As the binder and the conductive agent, for example, those exemplified for the negative electrode can be used. The shape and the thickness of the positive electrode current collector can be selected respectively from the shape and the range of the positive electrode current collector.
The positive electrode current collector (conductive sheet) may be made of, for example, a metal material containing Al, Ti, Fe, and the like. The metal material may be Al, an Al alloy, Ti, a Ti alloy, a Fe alloy, and the like. The Fe alloy may be stainless steel (SUS).
The thickness of the positive electrode current collector is not particularly limited, and is, for example, 5 μm or more and 300 μm or less.
The separator is a porous sheet having ion permeability and electrically insulating properties. The porous sheet includes, for example, a thin film having fine pores, a woven fabric, a non-woven fabric, and the like. The separator may be made of a polymer material, but is not limited thereof. The polymer material is exemplified by an olefin resin, a polyamide resin, and cellulose. Examples of the olefin resin include polyethylene, polypropylene, and a copolymer of ethylene and propylene. The separator may contain an additive, as needed. Examples of the additive include an inorganic filler.
The thickness of the separator is not particularly limited, and is, for example, 5 μm or more and 20 μm or less, and more preferably 10 μm or more and 20 μm or less.
The non-aqueous electrolyte having lithium ion conductivity contains, for example, a non-aqueous solvent, and lithium ions and anions dissolved in the non-aqueous solvent. The non-aqueous electrolyte may be liquid, and may be gel.
The liquid non-aqueous electrolyte can be prepared by dissolving a lithium salt in a non-aqueous solvent. When the lithium salt is dissolved in the non-aqueous solvent, lithium ions and anions are produced.
The gel non-aqueous electrolyte contains a lithium salt and a matrix polymer, or includes a lithium salt, a non-aqueous solvent, and a matrix polymer. As the matrix polymer, for example, a polymer material that is gelled by absorbing the non-aqueous solvent is used. Examples of the polymer material include a fluorocarbon resin, an acrylic resin, and a polyether resin.
The lithium salt or anion may be any known one that is utilized for a non-aqueous electrolyte in a lithium secondary battery. Specific examples thereof include BF4−, ClO4−, PF6−, CF3SO3−, CF3CO2−, anions of imides, and an anion of an oxalate complex anion. Examples of the anions of imides include N(SO2CF3)2, and N(CmF2m+1SO2)x(CnF2n+1SO2)y, where m and n are independently 0 or an integer of 1 or more, x and y are independently 0, 1 or 2, and x+y=2. The anion of an oxalate complex may contain boron and/or phosphorus. Examples of the anion of an oxalate complex include bis(oxalate) borate anion, difluoro (oxalate) borate anion: BF2(C2O4)−, PF4(C2O4)−, and PF2(C2O4)2−. The non-aqueous electrolyte may include one of these anions, or two or more kinds thereof.

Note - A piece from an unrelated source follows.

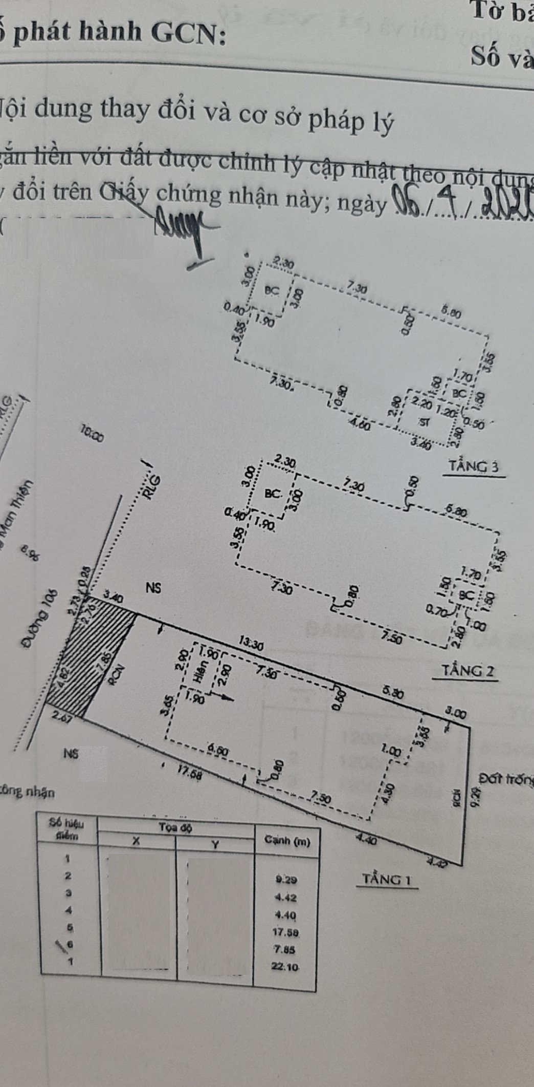 * Diện tích đất ODT: 203.3m2 ( ngang 7m x dài 22.10m) phần đất chưa được công nhận 21m

In view of suppressing the deposition of lithium metal in a dendritic form, the non-aqueous electrolyte preferably includes at least an anion of an oxalate complex, and in particular, desirably includes an oxalate complex anion having fluorine, such as BF2(C2O4)−. The oxalate complex anion having fluorine interacts with lithium, making it more likely for lithium metal to deposit uniformly in the form of fine particles. Therefore, local deposition of lithium metal can be easily suppressed. By controlling the deposition form of lithium metal to some extent using an anion of an oxalate complex, the function of the protective layer to suppress the contact between the lithium metal and the non-aqueous electrolyte can be exhibited more effectively. The oxalate complex anion having fluorine may be combined with another anion. The other anion may be, for example, PF6− and/or anions of imides.

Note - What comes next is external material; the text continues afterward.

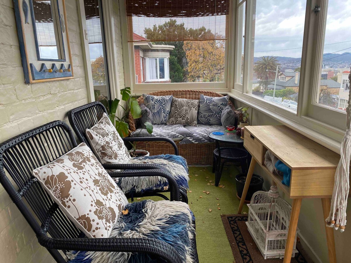 這個隱蔽的角落坐落在霍巴特的歷史街道上,步行即可抵達市區,像一個保守的秘密一樣隱藏起來,提供復古美學和現代舒適的家。 享受自助入住、令人驚嘆的城市和河景, 步行即可抵達很棒的咖啡店、綠色雜貨店、餐廳、酒吧、購物商店和每週日在我的街道上的Farm Gate Farmers Market。 這是疲倦的旅客在探索一天後尋求庇護的天堂,這是我在旅客到訪之間的家。

Examples of the non-aqueous solvent include an ester, an ether, a nitrile, an amide, and halogen substituted derivatives of these. The non-aqueous electrolyte may contain these non-aqueous solvent singly, or in combination of two or more kinds. Examples of the halogen substituted derivative include a fluoride.
The ester includes, for example, a carbonic acid ester, a carboxylic acid ester, and the like. Examples of the cyclic carbonic acid ester include ethylene carbonate, propylene carbonate, and fluoroethylene carbonate (FEC). Examples of the chain carbonic acid ester include dimethyl carbonate (DMC), ethyl methyl carbonate (EMC), and diethyl carbonate. Examples of the cyclic carboxylic acid ester include γ-butyrolactone and γ-valerolactone. Examples of the chain carboxylic acid ester include ethyl acetate, methyl propionate, and methyl fluoropropionate.

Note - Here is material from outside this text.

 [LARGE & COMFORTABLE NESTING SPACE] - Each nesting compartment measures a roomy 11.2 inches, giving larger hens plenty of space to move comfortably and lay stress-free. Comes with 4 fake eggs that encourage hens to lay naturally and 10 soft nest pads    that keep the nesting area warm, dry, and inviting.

The ether includes a cyclic ether and a chain ether. Examples of the cyclic ether include 1,3-dioxolane, 4-methyl-1,3-dioxolane, tetrahydrofuran, and 2-methyltetrahydrofuran. Examples of the chain ether include 1,2-dimethoxyethane, diethyl ether, ethyl vinyl ether, methyl phenyl ether, benzyl ethyl ether, diphenyl ether, dibenzyl ether, 1,2-diethoxyethane, and diethylene glycol dimethyl ether.
The concentration of the lithium salt in the non-aqueous electrolyte is, for example, 0.5 mol/L or more and 3.5 mol/L or less. The concentration of the anions in the non-aqueous electrolyte may be set to 0.5 mol/L or more and 3.5 mol/L or less. The concentration of the anion of an oxalate complex in the non-aqueous electrolyte may be set to 0.05 mol/L or more and 1 mol/L or less.
The non-aqueous electrolyte may contain an additive. The additive may form a surface film on the negative electrode. When the surface film derived from the additive is formed on the negative electrode, the dendrite formation and growth tend to be suppressed. Examples of the additive include vinylene carbonate, FEC, and vinyl ethyl carbonate (VEC).
In the following, a configuration of a lithium secondary battery according to the present disclosure will be described with reference to the drawings, with a cylindrical battery having a wound electrode group taken as an example.
The lithium secondary battery 10 is a cylindrical battery including a cylindrical battery case, a wound electrode group 14 housed in the battery case, and a non-aqueous electrolyte (not shown). The battery case is constituted of a case main body 15 which is a bottomed cylindrical metal container, and a sealing body 16 sealing an opening of the case main body 15. The case main body 15 has an annular step portion 21 formed by partially pressing the sidewall of the case main body from outside in the vicinity of the opening. The sealing body 16 is supported by the opening side surface of the step portion 21. Between the case main body 15 and the sealing body 16, a gasket 27 is disposed, by which the hermeticity of the battery case is secured. Within the case main body 15, electrically insulating plates 17 and 18 are disposed respectively at both ends of the electrode group 14 in the winding axis direction.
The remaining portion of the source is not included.